[Data extracted from a collection]
===============
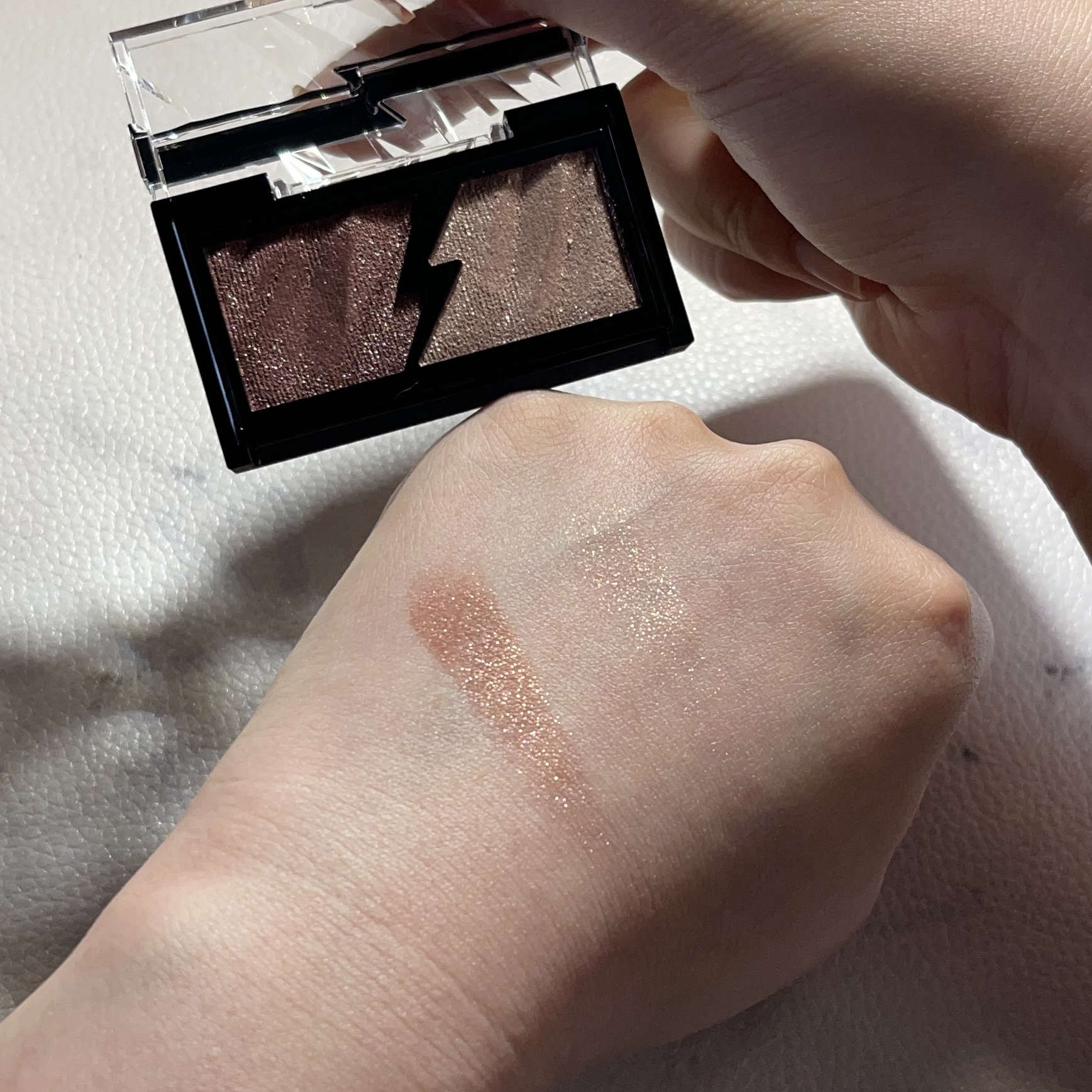 - 質感の違う2つの輝きで火花がクラッシュしたような発光感のある目元印象をつくるアイシャドウ。 まぶたにピタッと密着して、大粒ラメも落ちにくい処方設計。 繊細なカラーパールがきらめくエレクトリカルカラーと存在感のある大粒グリッターでまぶしい輝きを演出するフラッシュグリッターの2つの質感を掛け合わせて、輝き自由自在。 目元以外にも頬や鼻筋のハイライトに使える。
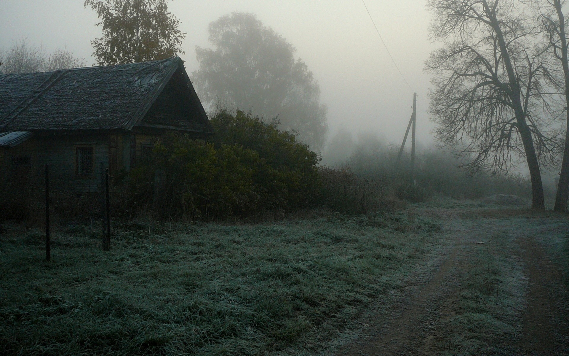 Route brumeuse avec une vieille maison
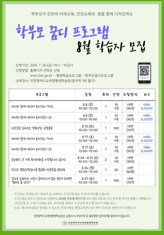 (아름다운교육신문) 인천광역시교육청평생학습관은 관내 학부모를 대상으로 8월 학부모 꿈디 프로그램 학습자를 7월 26일부터 모집한다.
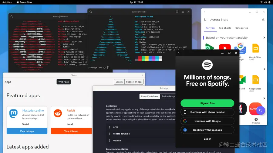 - Android 应用程序现在开箱即用(使用 WayDroid),可以轻松地从应用程序商店(如 Aurora Store 或 F-Droid)安装它们,并直接运行。
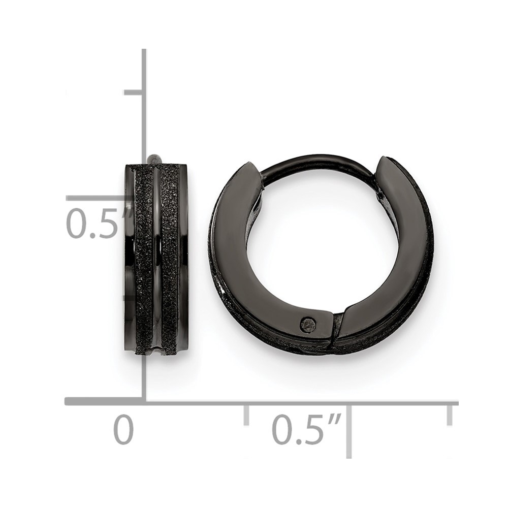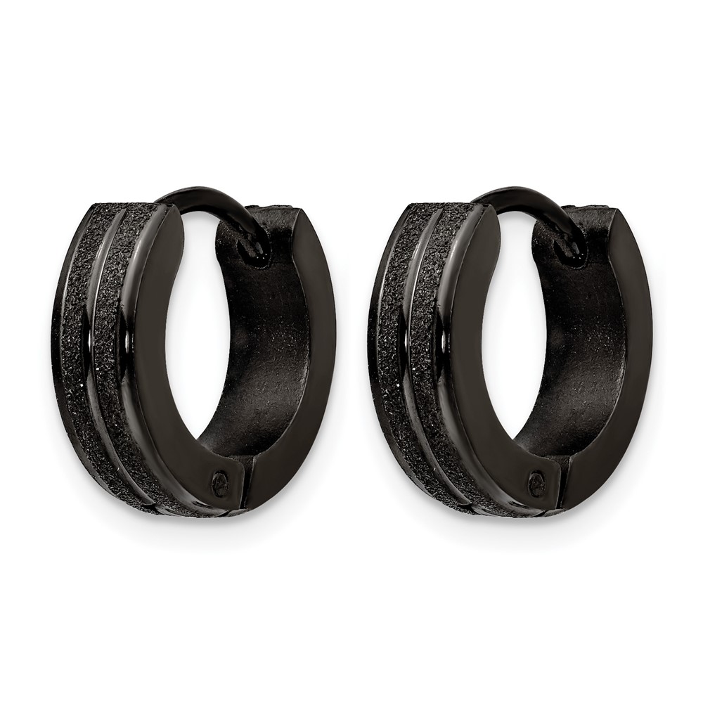 Chisel Stainless Steel Polished Black IP-plated Laser cut 4mm Hinged Hoop Earrings
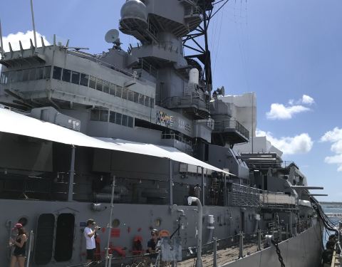 ...威夷这边几个战舰博物馆中的其中一个,这里就有好多人,因为这里的地理位置比较好,游客来这里很方便
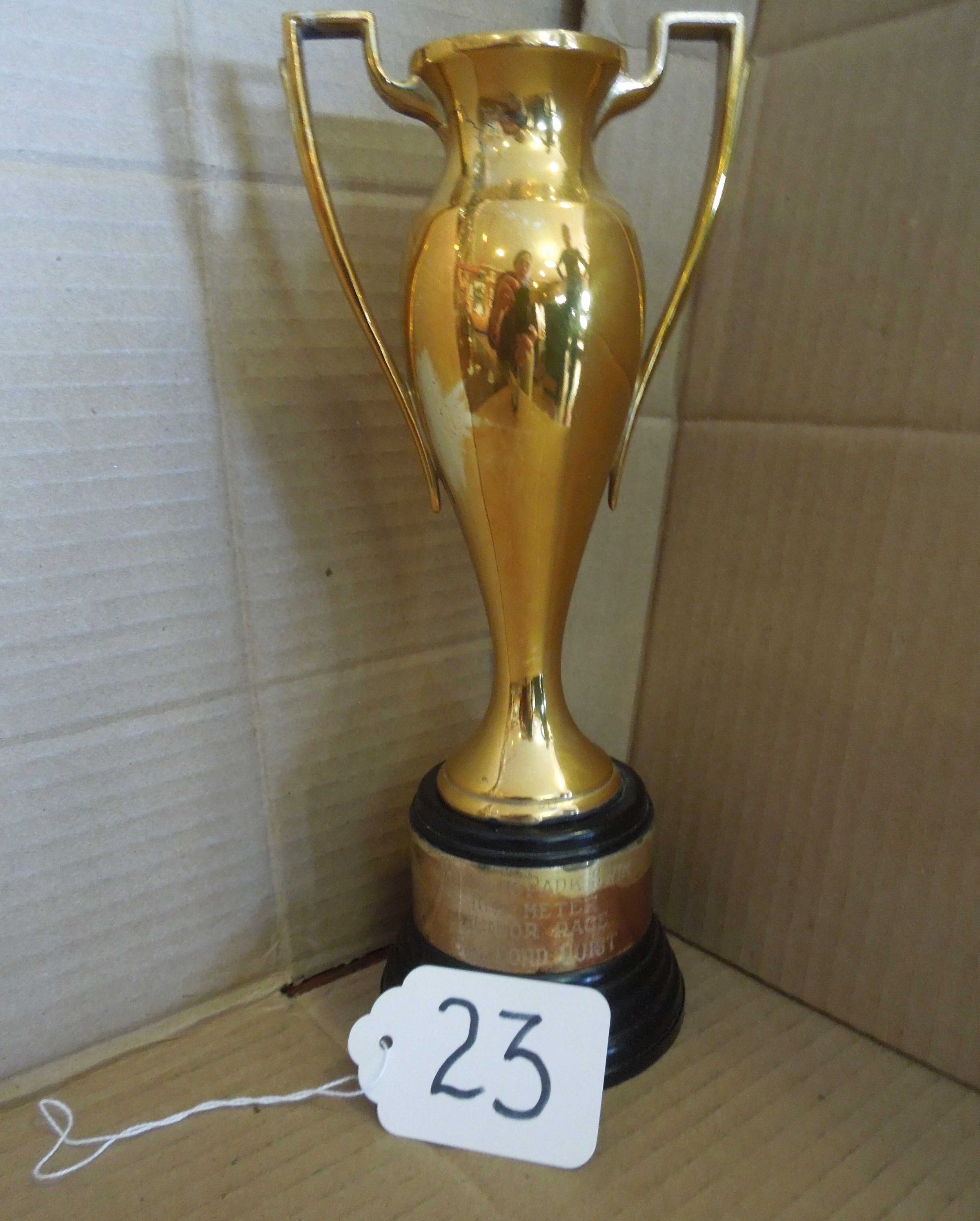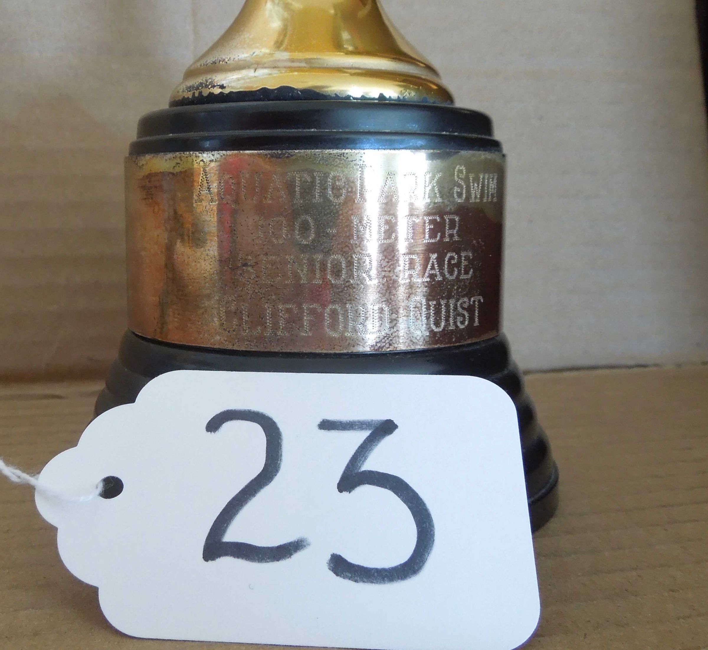 Gold colored two-handled cup trophy on black plastic base with metal band around base. Engraved on metal band: "Aquatic Park Swim - 100-Meter - Senior Race - Clifford Quist;" On bottom inside of base is name of maker: "
===============
#### Task to carry out:
Print the data exactly, from its first line to the line containing "- Android 应用程序现在开箱即用(使用", both included. Omit the pictures.

#### Result:
 - 質感の違う2つの輝きで火花がクラッシュしたような発光感のある目元印象をつくるアイシャドウ。 まぶたにピタッと密着して、大粒ラメも落ちにくい処方設計。 繊細なカラーパールがきらめくエレクトリカルカラーと存在感のある大粒グリッターでまぶしい輝きを演出するフラッシュグリッターの2つの質感を掛け合わせて、輝き自由自在。 目元以外にも頬や鼻筋のハイライトに使える。
 Route brumeuse avec une vieille maison
 (아름다운교육신문) 인천광역시교육청평생학습관은 관내 학부모를 대상으로 8월 학부모 꿈디 프로그램 학습자를 7월 26일부터 모집한다.
 - Android 应用程序现在开箱即用(使用 WayDroid),可以轻松地从应用程序商店(如 Aurora Store 或 F-Droid)安装它们,并直接运行。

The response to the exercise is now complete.